- WORK TO COMPLETE -
Could you return, exactly as written, every line from the one containing "Le model sur" through the last line of the entries below, leaving out the pictures?

- DATA -
━━━━━━━━━━

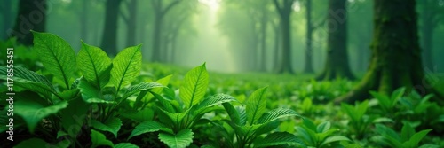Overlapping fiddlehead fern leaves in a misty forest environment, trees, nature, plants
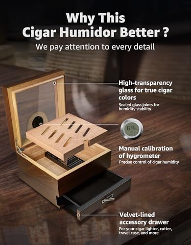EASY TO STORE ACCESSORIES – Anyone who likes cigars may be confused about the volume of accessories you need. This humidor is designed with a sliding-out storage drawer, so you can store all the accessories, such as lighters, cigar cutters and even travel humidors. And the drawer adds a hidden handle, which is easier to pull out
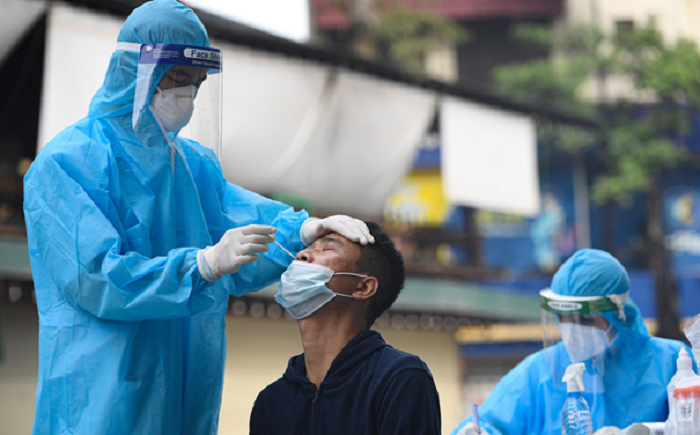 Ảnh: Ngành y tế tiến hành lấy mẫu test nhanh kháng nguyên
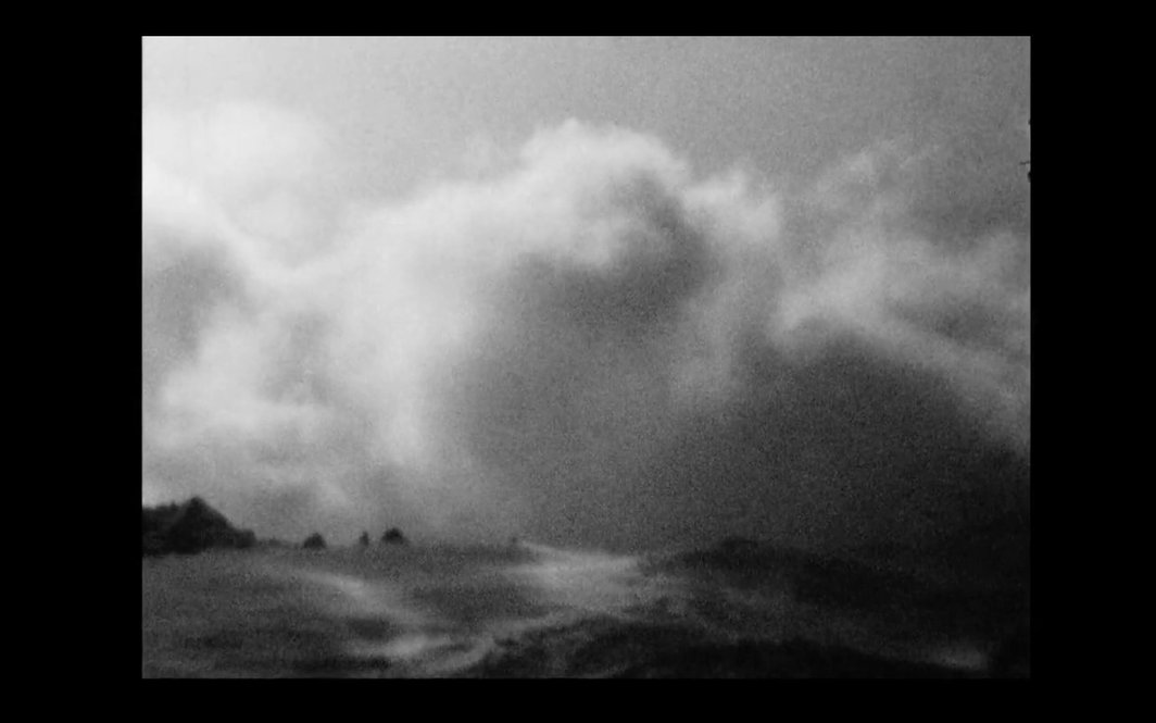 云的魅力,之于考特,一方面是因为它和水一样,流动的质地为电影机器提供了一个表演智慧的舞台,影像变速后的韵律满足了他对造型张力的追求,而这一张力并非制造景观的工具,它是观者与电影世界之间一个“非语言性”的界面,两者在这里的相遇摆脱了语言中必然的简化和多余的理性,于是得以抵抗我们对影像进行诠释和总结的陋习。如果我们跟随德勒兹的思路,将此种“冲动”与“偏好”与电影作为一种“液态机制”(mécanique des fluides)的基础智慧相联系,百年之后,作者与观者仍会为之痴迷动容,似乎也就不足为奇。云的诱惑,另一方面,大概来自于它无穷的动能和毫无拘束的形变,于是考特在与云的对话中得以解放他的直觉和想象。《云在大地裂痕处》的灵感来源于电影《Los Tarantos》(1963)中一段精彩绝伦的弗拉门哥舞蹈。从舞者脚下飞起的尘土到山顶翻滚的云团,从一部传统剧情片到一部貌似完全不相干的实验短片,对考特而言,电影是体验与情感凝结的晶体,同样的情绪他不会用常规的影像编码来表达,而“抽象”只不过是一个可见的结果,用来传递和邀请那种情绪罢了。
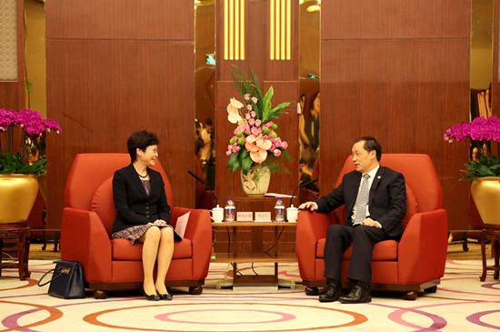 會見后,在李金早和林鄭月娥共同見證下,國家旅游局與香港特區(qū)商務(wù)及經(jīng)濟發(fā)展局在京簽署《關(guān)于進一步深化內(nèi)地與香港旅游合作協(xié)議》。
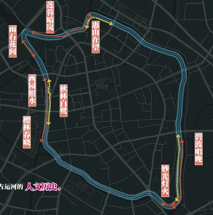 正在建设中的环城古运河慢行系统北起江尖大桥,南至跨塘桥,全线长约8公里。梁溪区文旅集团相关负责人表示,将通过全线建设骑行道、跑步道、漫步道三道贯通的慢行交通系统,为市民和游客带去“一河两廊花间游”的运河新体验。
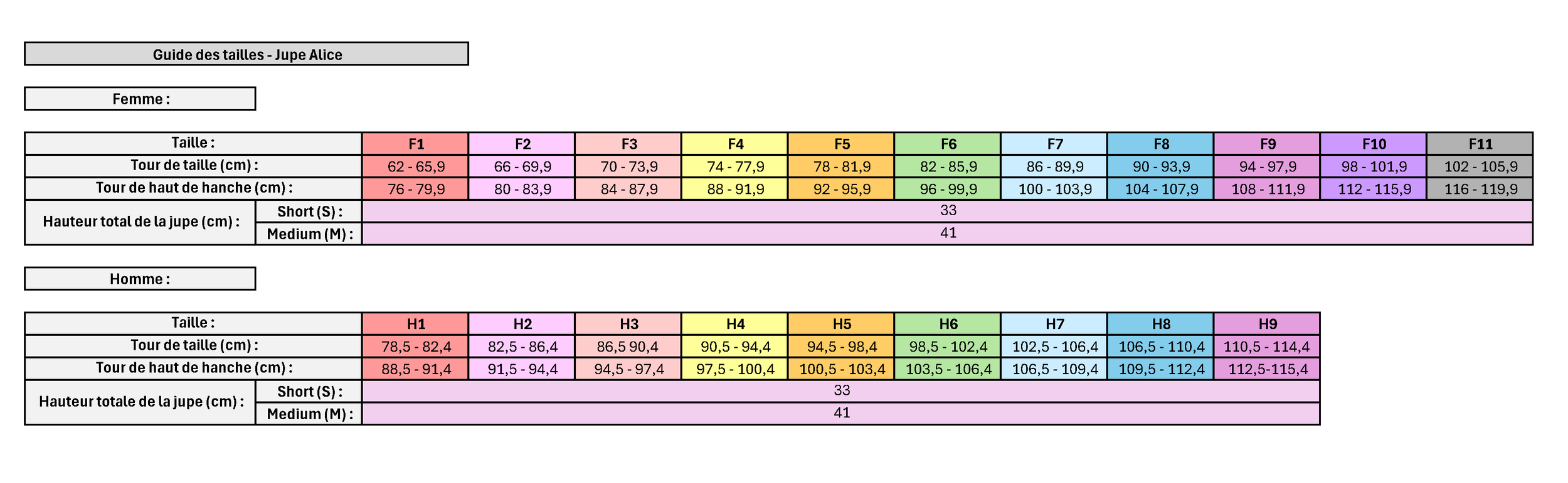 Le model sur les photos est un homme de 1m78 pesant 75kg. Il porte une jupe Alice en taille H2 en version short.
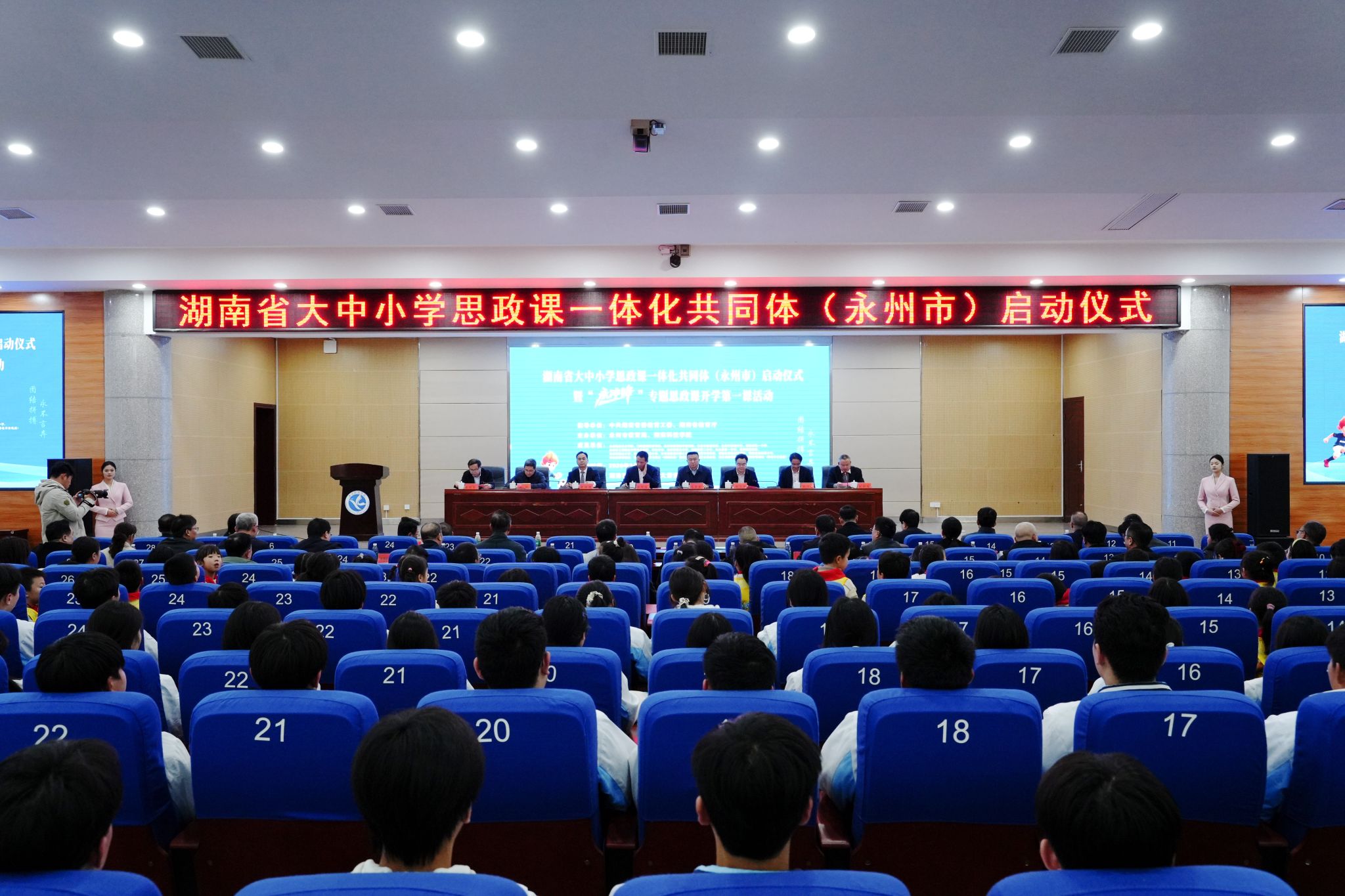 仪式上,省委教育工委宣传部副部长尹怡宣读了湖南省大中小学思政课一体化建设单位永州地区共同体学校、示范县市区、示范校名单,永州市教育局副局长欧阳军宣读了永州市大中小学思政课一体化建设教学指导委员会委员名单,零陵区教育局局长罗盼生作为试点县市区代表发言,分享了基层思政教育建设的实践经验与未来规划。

━━━━━━━━━━

- THE COMPLETED TASK -
 Le model sur les photos est un homme de 1m78 pesant 75kg. Il porte une jupe Alice en taille H2 en version short.
 仪式上,省委教育工委宣传部副部长尹怡宣读了湖南省大中小学思政课一体化建设单位永州地区共同体学校、示范县市区、示范校名单,永州市教育局副局长欧阳军宣读了永州市大中小学思政课一体化建设教学指导委员会委员名单,零陵区教育局局长罗盼生作为试点县市区代表发言,分享了基层思政教育建设的实践经验与未来规划。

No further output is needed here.